[Task goal]:
In the data below, set down exactly the lines from the one containing "Stehlampe von V-TAC, Modell" up to and including the one containing "99㎡三房两厅两卫 (舒居三口之家首选)". Leave the pictures out.

[Listed entries]:
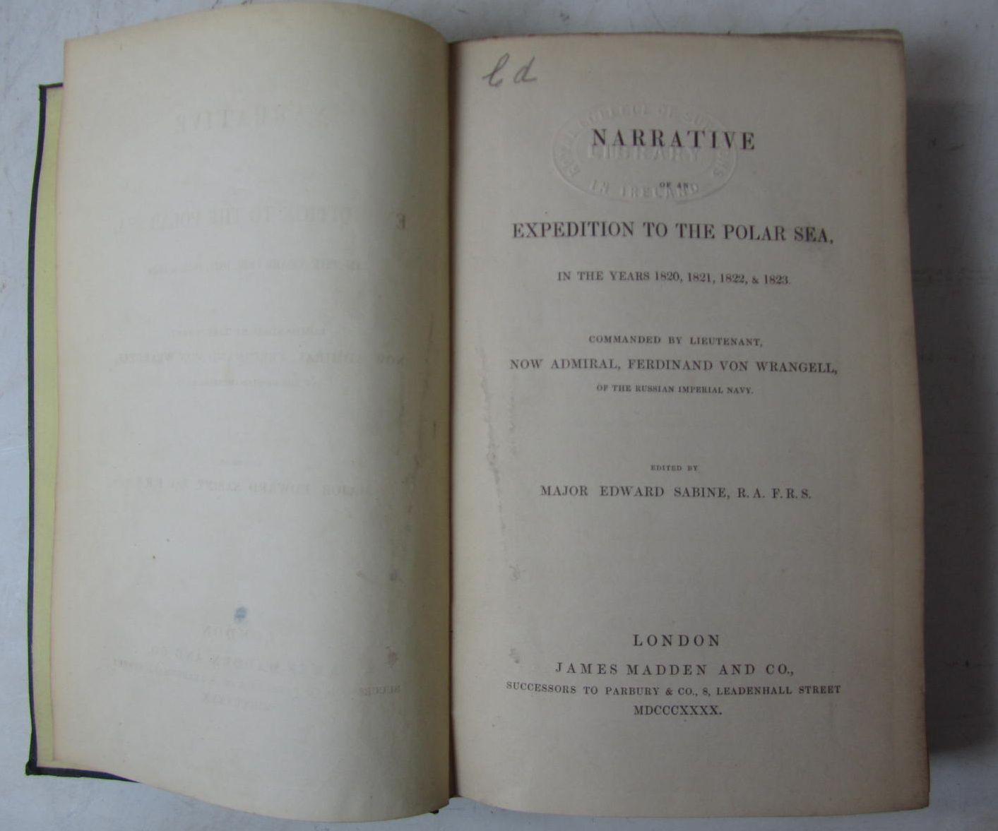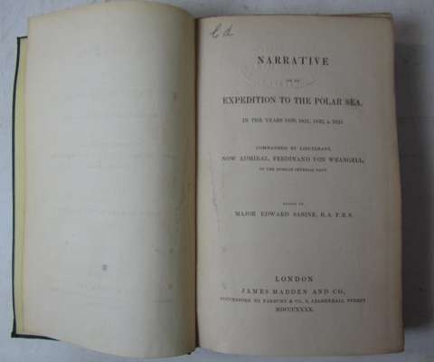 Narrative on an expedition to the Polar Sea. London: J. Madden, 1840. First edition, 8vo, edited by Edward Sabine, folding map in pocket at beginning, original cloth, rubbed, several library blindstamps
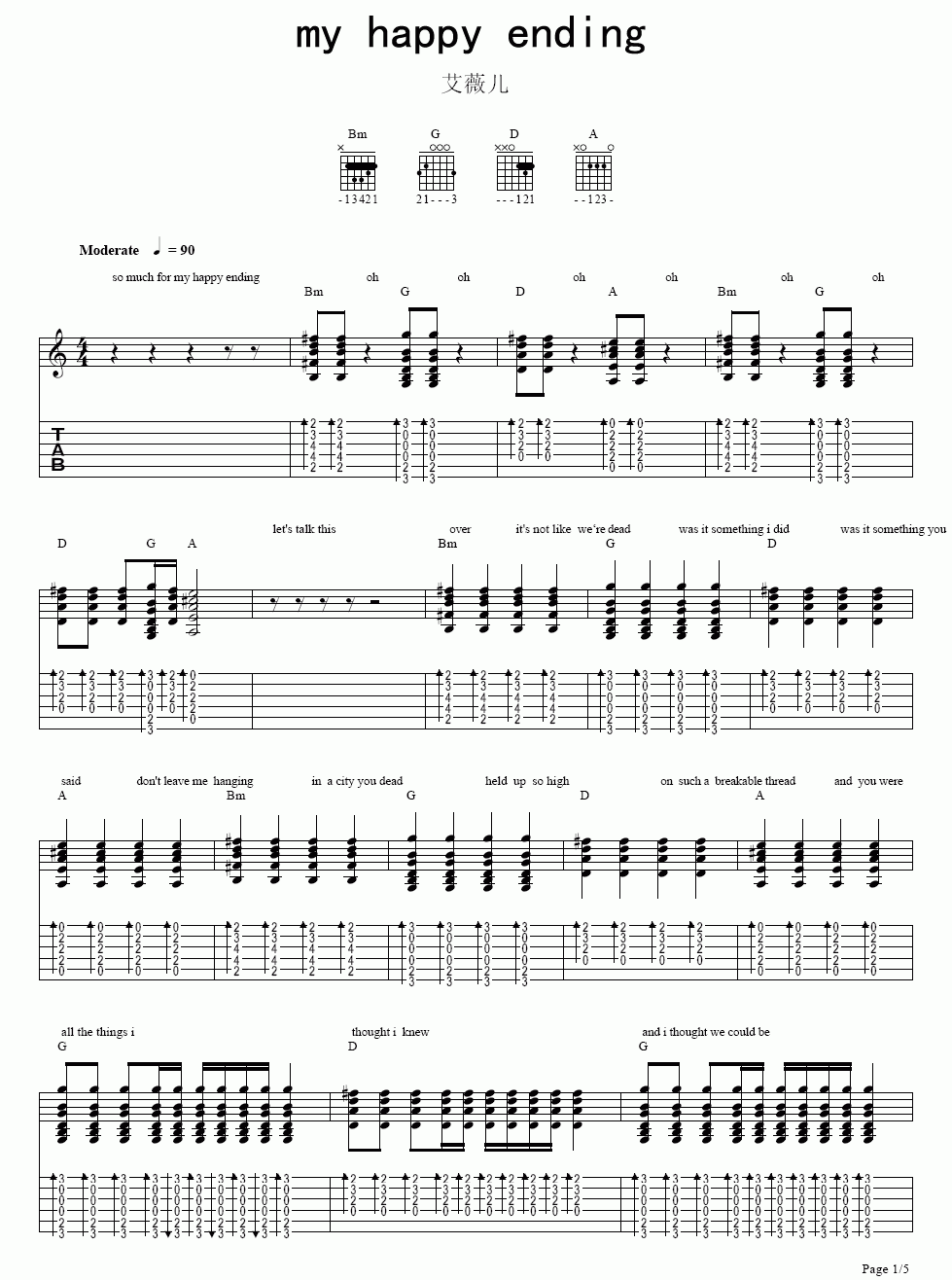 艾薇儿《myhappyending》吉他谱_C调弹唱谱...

==

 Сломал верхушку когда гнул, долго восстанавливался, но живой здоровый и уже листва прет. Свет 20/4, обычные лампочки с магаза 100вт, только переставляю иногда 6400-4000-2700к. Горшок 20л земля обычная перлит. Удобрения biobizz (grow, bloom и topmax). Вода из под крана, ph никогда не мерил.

* * *

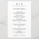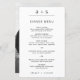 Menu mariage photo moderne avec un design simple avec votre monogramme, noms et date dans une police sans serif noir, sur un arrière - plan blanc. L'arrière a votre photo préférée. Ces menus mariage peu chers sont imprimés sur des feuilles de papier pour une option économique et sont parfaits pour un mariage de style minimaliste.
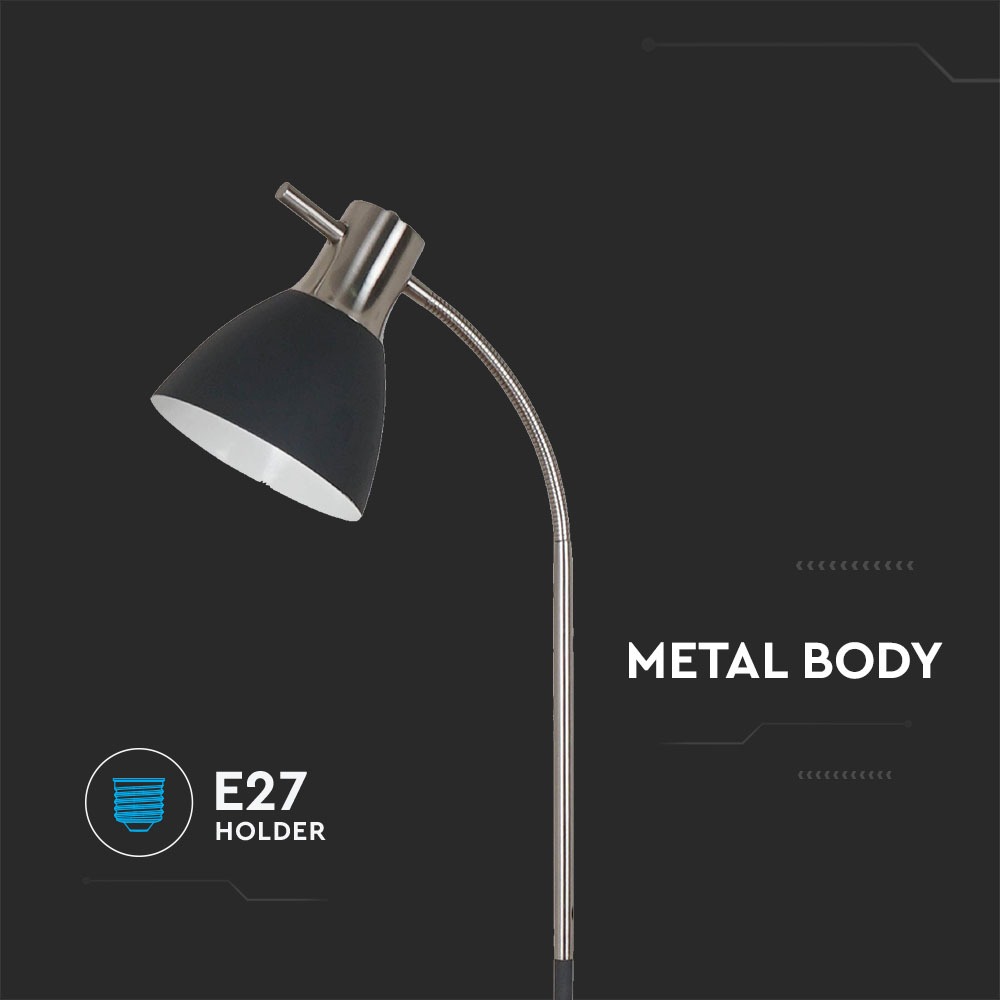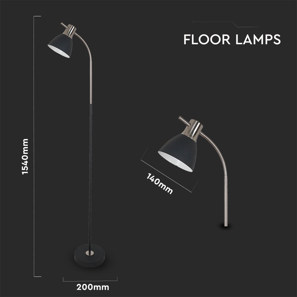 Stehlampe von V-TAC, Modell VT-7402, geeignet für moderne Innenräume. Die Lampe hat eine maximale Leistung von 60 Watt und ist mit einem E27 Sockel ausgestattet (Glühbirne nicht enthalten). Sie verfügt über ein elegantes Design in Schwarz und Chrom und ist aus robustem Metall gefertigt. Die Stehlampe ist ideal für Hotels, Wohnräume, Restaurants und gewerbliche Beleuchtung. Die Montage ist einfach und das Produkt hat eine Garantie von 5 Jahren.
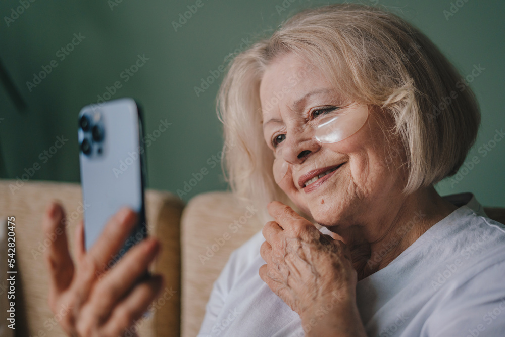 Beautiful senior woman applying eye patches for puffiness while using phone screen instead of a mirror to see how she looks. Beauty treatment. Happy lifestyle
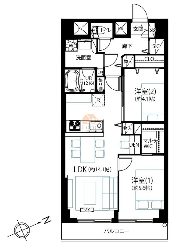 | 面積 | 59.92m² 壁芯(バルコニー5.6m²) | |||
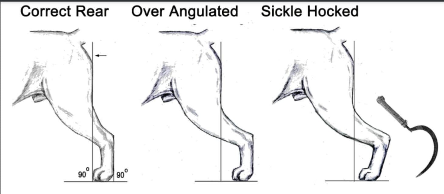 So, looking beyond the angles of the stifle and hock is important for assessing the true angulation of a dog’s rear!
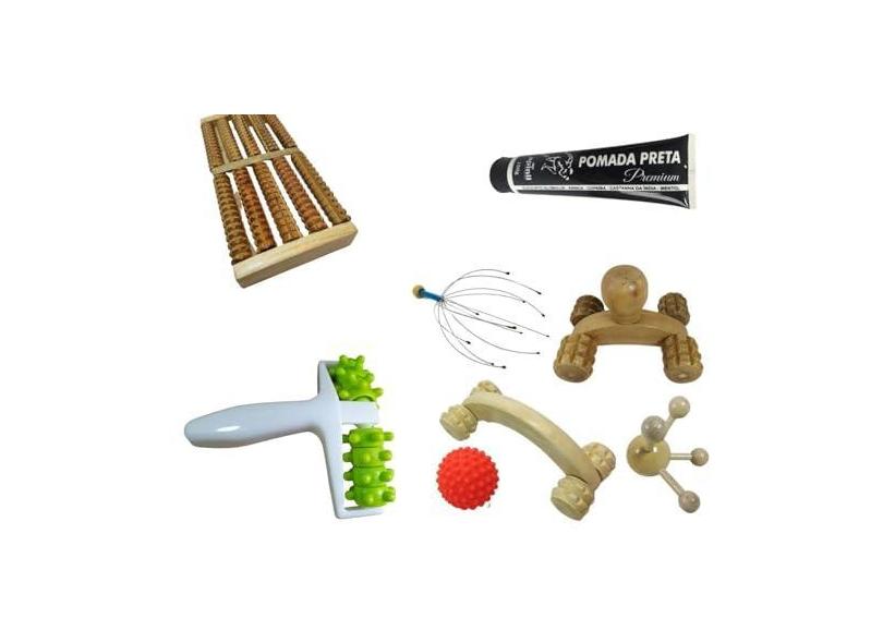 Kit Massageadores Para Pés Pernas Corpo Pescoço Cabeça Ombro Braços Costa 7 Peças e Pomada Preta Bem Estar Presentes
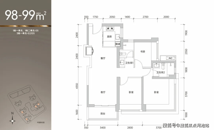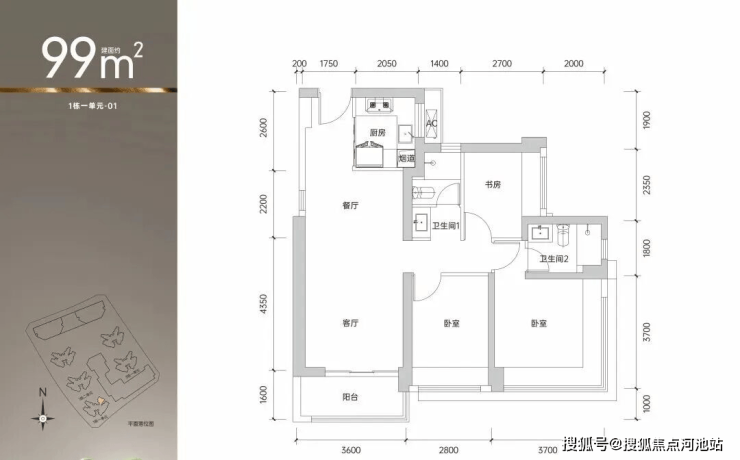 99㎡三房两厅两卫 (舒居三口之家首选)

[Answer box]:
 Stehlampe von V-TAC, Modell VT-7402, geeignet für moderne Innenräume. Die Lampe hat eine maximale Leistung von 60 Watt und ist mit einem E27 Sockel ausgestattet (Glühbirne nicht enthalten). Sie verfügt über ein elegantes Design in Schwarz und Chrom und ist aus robustem Metall gefertigt. Die Stehlampe ist ideal für Hotels, Wohnräume, Restaurants und gewerbliche Beleuchtung. Die Montage ist einfach und das Produkt hat eine Garantie von 5 Jahren.
 Beautiful senior woman applying eye patches for puffiness while using phone screen instead of a mirror to see how she looks. Beauty treatment. Happy lifestyle
 | 面積 | 59.92m² 壁芯(バルコニー5.6m²) | |||
 So, looking beyond the angles of the stifle and hock is important for assessing the true angulation of a dog’s rear!
 Kit Massageadores Para Pés Pernas Corpo Pescoço Cabeça Ombro Braços Costa 7 Peças e Pomada Preta Bem Estar Presentes
 99㎡三房两厅两卫 (舒居三口之家首选)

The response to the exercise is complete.